AVANT-PROPOS

Mesdames, Messieurs,

Au mois de février 2013, les commissions de la culture et des affaires économiques du Sénat ont décidé d'inscrire les jeux vidéo à leur programme de contrôle et, à cette fin, ont créé un groupe de travail conjoint confié à André Gattolin (Ecolo - Hauts-de-Seine) pour la commission de la culture, de l'éducation et de la communication et à Bruno Retailleau (UMP - Vendée) pour la commission des affaires économiques.

Les jeux vidéo ont en effet la particularité de pouvoir être définis tant comme un objet culturel et artistique que comme un produit technologique . « Personne ne doute que ce soit une industrie, mais on oublie souvent qu'il s'agit d'un art » dit d'eux Olivier Séguret, chroniqueur et critique de cinéma et de jeux vidéo à Libération.

André Malraux, dans son « Esquisse d'une psychologie du cinéma » , donnait la même signification duale au septième art, longtemps considéré comme une prouesse technologique avant de conquérir ses lettres de noblesse dans le milieu culturel.
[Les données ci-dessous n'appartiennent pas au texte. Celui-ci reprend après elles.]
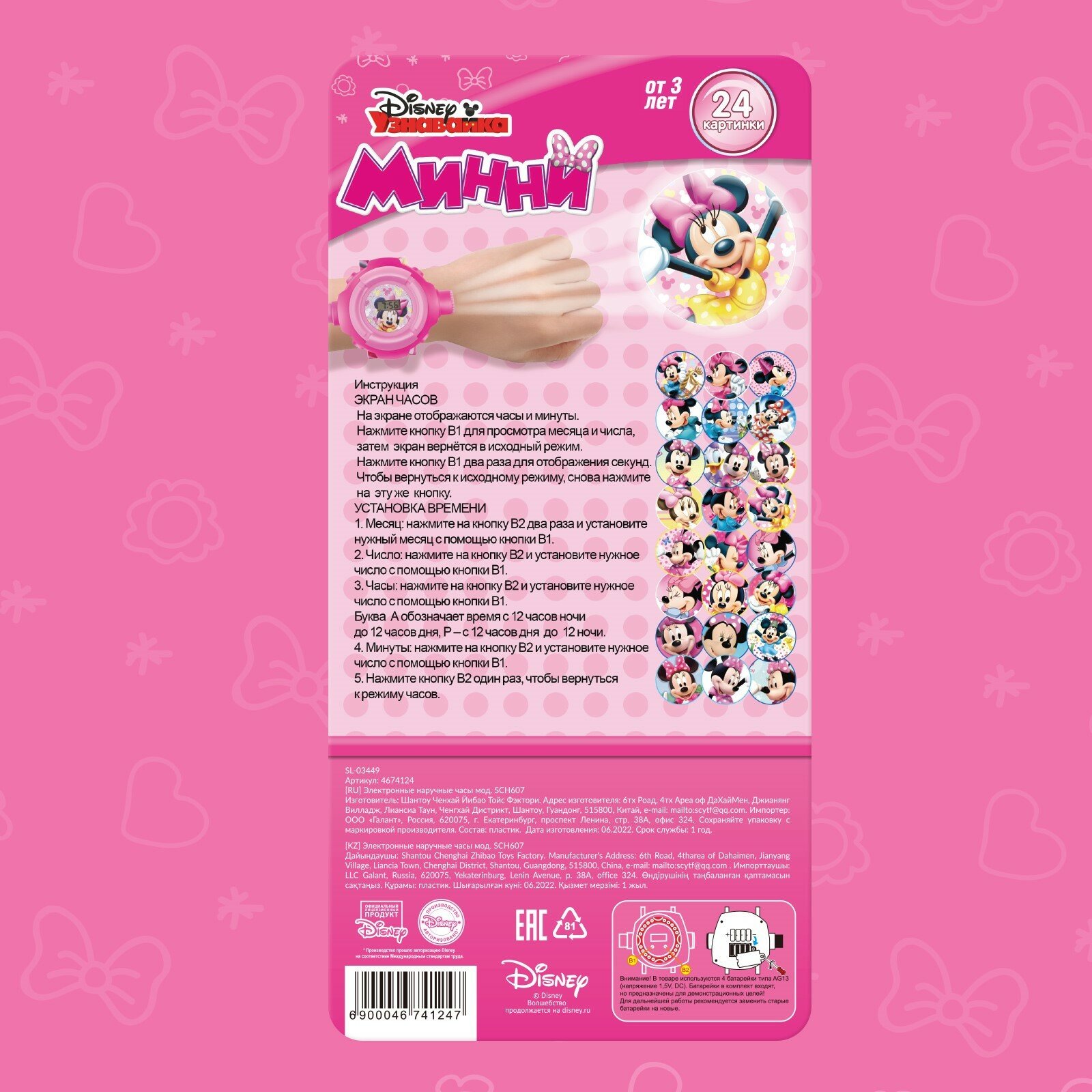 Часы детские Disney Минни Маус, наручные, часы проектор, для девочек, от 3 лет, 24 картинки, розовые

Si tel n'est pas le cas, à ce jour, des jeux vidéo, malgré la qualité et la créativité du scénario et du graphisme de certaines productions , c'est qu'ils souffrent en réalité d' une image encore peu flatteuse , associée à un risque addictif et à des comportements asociaux et agressifs.

Certes, la généralisation des pratiques entraîne indéniablement une évolution des mentalités en faveur du jeu , mais le changement est craintif à l'heure où l'industrie française du jeu vidéo, concurrencée à l'extrême, et notamment par le Canada, a plus que jamais besoin de considération institutionnelle pour se développer et attirer les investisseurs . Fragilisés et bien que loués pour la qualité de leurs jeux, les studios français, qui emploient 5 000 personnes, ne doivent pas être laissés au bord du chemin.
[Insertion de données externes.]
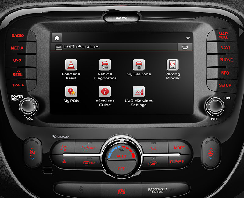 2014년형 쏘울에 8인치 내비게이션이 탑재된 UVO eServices가 처음 도입되었다. 이 시스템은 7인치 내비게이션이 탑재된 UVO eServices의 모든 기능을 갖추고 있으며, 더 큰 화면은 스와이프 제스처를 지원하고, 태블릿에서 앱이 구성되는 방식과 유사하게 기능이 구성되어 있다.2014년 9월 22일, 2014년형 쏘울 UVO 내비게이션 시스템 업데이트가 출시되어 My Car Zone, 차량 진단, 911 연결을 포함한 eServices가 활성화되었다.[5] 또한, 업데이트된 지도와 향상된 내비게이션 기능, 그리고 Siri Eyes-Free가 포함되었다.

La France, qui comptait dans les années 1990 jusqu'à 15 000 emplois directs dans le jeu vidéo et qui forme toujours des professionnels mondialement reconnus et recherchés, n'a que trop tardé à soutenir cette industrie et à freiner sa délocalisation.

Le jeu vidéo constitue en effet un moteur de croissance qu'il serait imprudent de ne pas considérer, notamment en raison de l' interaction de ce secteur avec celui des nouvelles technologies , comme le rappelait la revue Hermès en introduction de son numéro spécial sur le jeu 1 ( * ) : « Les jeux vidéo, informatisés depuis près de quarante ans, [dépendent des nouvelles technologies] pour leur développement et leur diffusion. Cette dépendance [...] est caractérisée par une suite de cycles : intégration d'une technologie innovante, développement de nouveaux contenus, mutation du processus de production, enfin conquête d'un nouveau marché jusqu'à saturation et démarrage d'un nouveau cycle. Mais l'attractivité du jeu vidéo a, à son tour, largement contribué à populariser les nouvelles technologies, l'Internet et les réseaux sociaux. Aujourd'hui, on se connecte autant, voire davantage, pour jouer que pour s'informer. »
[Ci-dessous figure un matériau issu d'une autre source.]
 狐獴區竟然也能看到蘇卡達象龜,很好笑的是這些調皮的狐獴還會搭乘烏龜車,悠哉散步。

Aujourd'hui, le jeu vidéo comme les nouvelles technologies, sont ancrés dans nos vies quotidiennes : le temps de jeu s'allonge sans cesse, tandis que les techniques et technologies du jeu sont utilisées pour un nombre croissant d'usages. Qu'on s'en réjouisse ou qu'on la déplore, la « gamification » de la société constitue un enjeu économique de premier ordre pour l'industrie française du jeu vidéo , enjeu que pouvoirs publics, studios et investisseurs privés se doivent de relever.

Le présent rapport, après avoir rappelé les grands débats qui existent autour du jeu vidéo et tenté de tracer les frontières de cette industrie à plusieurs visages, dresse un bilan de la politique économique de la France en faveur de ce secteur, avant de proposer des pistes de travail qui permettront de « jouer français » demain.


* 1 Hermès n° 62 (2012) « Quand jouer, c'est communiquer ».